Every now and then, this type of ignition module fails intermittently. What this means is that the vehicle will start and run most of the time, but now and then it won't.
If you're experiencing this, you'll have to test the ignition module when the vehicle is not wanting to start. This is important, because as long as it starts, the problem does not exist and can not be tested.
So, then, the info that you're gonna' learn in this article applies to testing a module that has fried completely and is keeping the vehicle from starting. Here are some of the most common failure symptoms:
- The car (or minivan or Isuzu SUV) cranks but does not start.
- There is no spark coming out of any of the ignition coils sitting on top of the ignition module.
- You may have taken your ignition control module (ICM) to AutoZone to test it and the friendly boys in orange say it's good, yet the vehicle will not start (all major auto parts stores such as O'Reilly, Pepboys, etc., test ignition modules for free).
What Tools Do I Need?
The most important tool to have is a multimeter. It can be a digital or analog type. You do not need an automotive scan tool. Here are the other recommended tools that will come in handy.
- 12 Volt test light.
- You can use the test light instead of a multimeter to test for 12 Volts, only.
- Wire piercing probes.
- These tools are time savers and not only that, will help you to keep from peeling too much from the wire to test whatever signal runs thru' it.
- If you've never seen one of these tools, click here: Wire piercing tool example.
- A repair manual.
- This manual will come in handy to fill some of the gaps that this article does not cover.
- A helper.
- I recommend someone who isn't gonna' complain and nag about it. I mean, it's stressful enough that the vehicle won't start and you have to fix it!
Do's And Don'ts And Safety Precautions
Anything to do with working on or around a car can be dangerous. Since some of the tests in this article are done with the engine cranking, it goes without saying that you have to be alert, extra careful and use common sense to perform them.

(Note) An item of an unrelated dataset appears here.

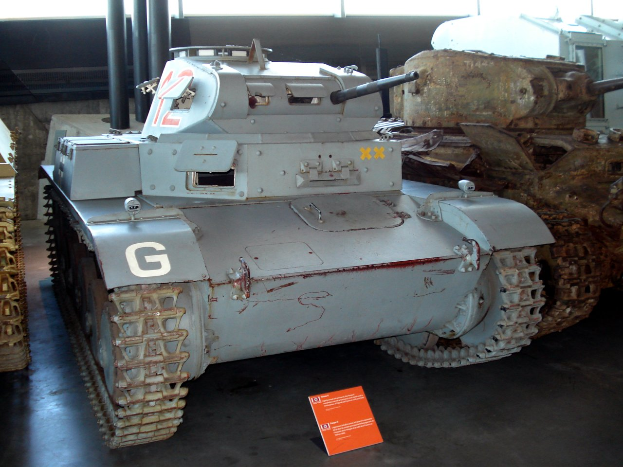 German light tank Panzer II displayed at the Canadian War Museum in Ottawa, Ontario. Judging by the suspension and number of road wheels and the shape of the drivers plate, it is an Ausf. C. It carries the markings of the 6. Panzer-Division (two yellow crosses). Source: Photo by me, User:Balcer. Date=July 31, 2007

Whomever is gonna' help you crank the vehicle, while you observe the multimeter, has to wait outside of the car or minivan or truck (Isuzu owners) until after you've connected your connections and you're clear of the engine.
After the test is done and you don't need your helper to crank the engine anymore, have him or her step out of the vehicle. All this is to save you from any unfortunate accident that may happen if said helper thinks he or she heard you say "crank it" (or whatever command phrase you use).